Violência em casa contra crianças e adolescentes é tema de audiência pública
O vereador Fabrício Rosa (PT) presidiu audiência pública, nesta quarta-feira (27), na Câmara de Goiânia, para tratar da violência contra crianças e adolescentes praticada como forma de castigo. O evento ocorreu em lembrança aos dez anos da Lei Menino Bernardo (Lei Federal 13.010/2014).
O nome da lei é uma homenagem ao caso de Bernardo Boldrini, menino de 11 anos assassinado por superdosagem de medicamentos, em abril de 2014, na cidade de Três Passos (RS). Os acusados do crime, pai e madrasta do menino e dois amigos do casal, foram condenados à prisão em março de 2019. Segundo investigações da polícia, Bernardo era vítima constante de tratamentos cruéis e degradantes por parte do pai e da madrasta e já havia procurado ajuda para denunciar ameaças que sofria.
Além de tipificar como crime castigos físicos aplicados às crianças e adolescentes, a Lei Menino Bernardo estabelece medidas de prevenção e ações a serem adotadas após denúncia, entre elas a comunicação ao Conselho Tutelar.
A lei alterou artigos e parágrafos do Estatuto da Criança e do Adolescente (Lei Federal 8.069/1990) e da Lei de Diretrizes e Bases da Educação Nacional (Lei Federal 9.394/1996), explicou a articuladora da Rede "Não Bata, Eduque", Márcia Oliveira, que participou de forma remota. Ela destacou medidas de prevenção introduzidas pela lei, como promoção de campanhas, integração de órgão públicos, formação continuada de profissionais, incentivo às práticas de resolução pacífica de conflitos e promoção de ações junto aos pais e responsáveis sobre alternativas aos castigos físicos.
A Rede "Não Bata, Eduque" foi criada em 2006, no Rio de Janeiro, em parceria entre organizações da sociedade civil e a Fundação Xuxa Meneghel, com missão de desnaturalizar a prática de castigos físicos e humilhantes como forma de educar e cuidar de crianças e adolescentes nos meios familiar, escolar e comunitário, nos meios de comunicação tradicionais e nas mídias sociais. Em 2007, a Rede recebeu novos parceiros e foi lançada a Campanha Nacional "Não Bata, Eduque", com objetivo de desenvolver ações de mobilização social para promover reflexão sobre o uso de castigos físicos e humilhantes e para propor alternativas positivas de educação.
Para a psicóloga e psicanalista Simone dos Santos Abadia, servidora pública da Secretaria Municipal de Desenvolvimento Humano e Social, não é justificável utilizar castigos físicos e humilhantes como conduta de educação infantil. “Infelizmente, viemos de uma sociedade patriarcal, de controle, em que ainda se vê crianças e adolescentes como objetos. Por consequência, eles não são vistos como sujeitos de direitos”, afirmou.

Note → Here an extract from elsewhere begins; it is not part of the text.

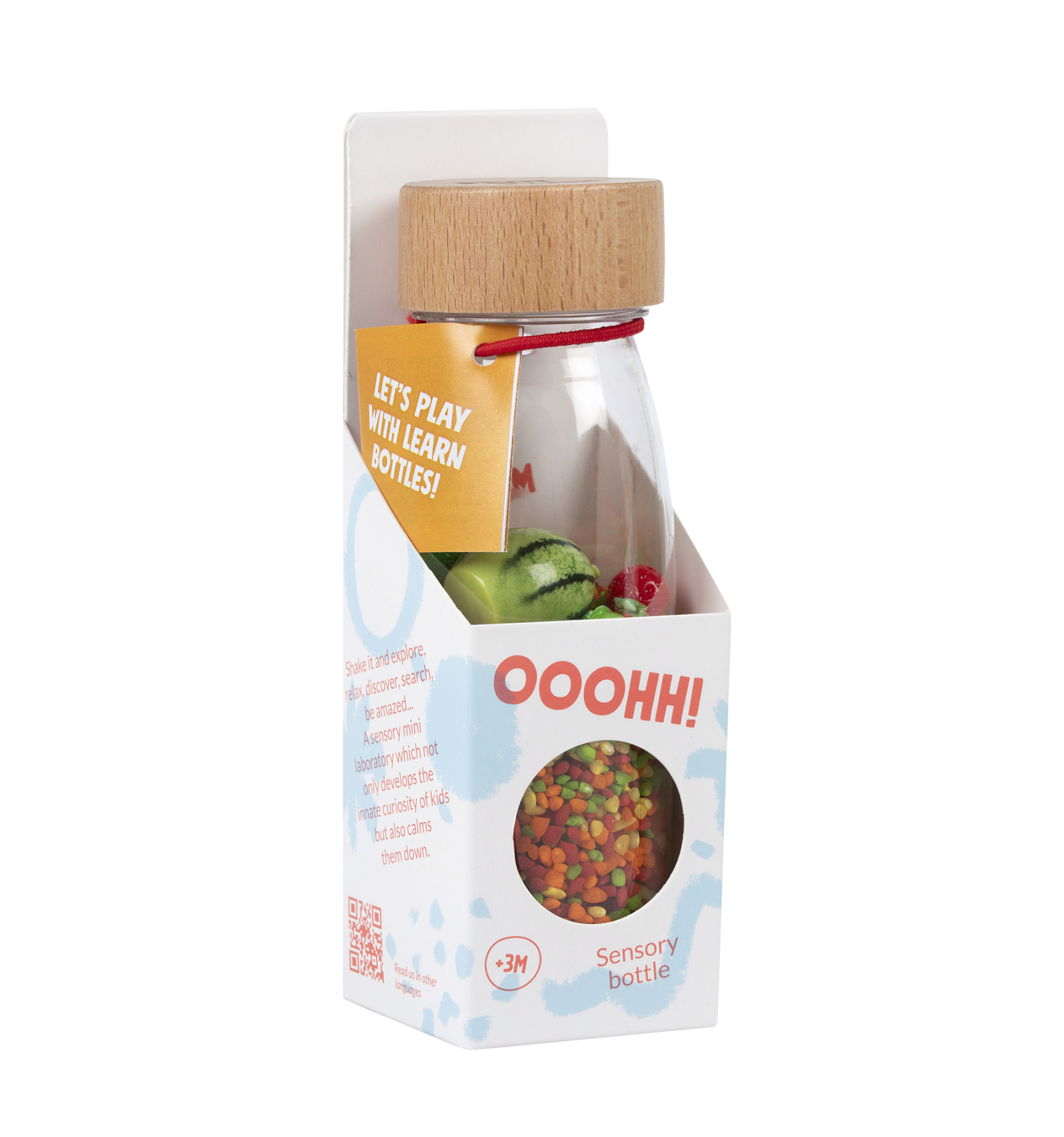 Identificar fruites és ara una experiència sensorial! Amb la Learn Bottle Fruites de Petit Boum, els nens poden agitar i descobrir un acolorit món de mandarines, raïm, plàtans i maduixes. Troba la teva fruita favorita!

Simone Abadia defende ainda o cuidado de crianças e adolescentes como responsabilidade de toda a comunidade, não apenas da família. “Nós, como rede de proteção às crianças e adolescentes, podemos contribuir para a educação sem violência, agindo na prevenção, atuando junto às famílias em práticas parentais positivas, sem punitivismo. A responsabilização é importante, mas ela tem que ocorrer em outras esferas que estão além da assistência; por isso trabalhar em rede é fundamental. Muitas vezes, as famílias têm um histórico social de violência, que é estimulada e perpetualizada. É preciso auxiliá-las a romperem com esse comportamento dentro de suas casas”, disse.
A médica pediatra Adriana Crispim Brito trabalha na Secretaria Municipal de Saúde, atuando na vigilância da violência em Goiânia. Ela apresentou dados, referentes ao período de 2014 a 2023, que apontam familiares do sexo masculino como principais autores de agressões contra crianças, contra pessoas do sexo feminino de zero a 19 anos e, a partir da pandemia, contra adolescentes. De 2018 em diante, a residência da vítima passou a ser o principal local de prática da violência.
“Em todos os anos, hospitais estaduais registraram a maior parte dos casos de violência, geralmente classificados como graves. Contudo, em 2023, com o trabalho da nossa rede de proteção, o maior notificador foi a Secretaria Municipal de Saúde, onde são registradas notificações das escolas. Dessa forma, conseguiu-se detectar a violência sem gravidade física graças ao trabalho em rede”, explicou Adriana Brito.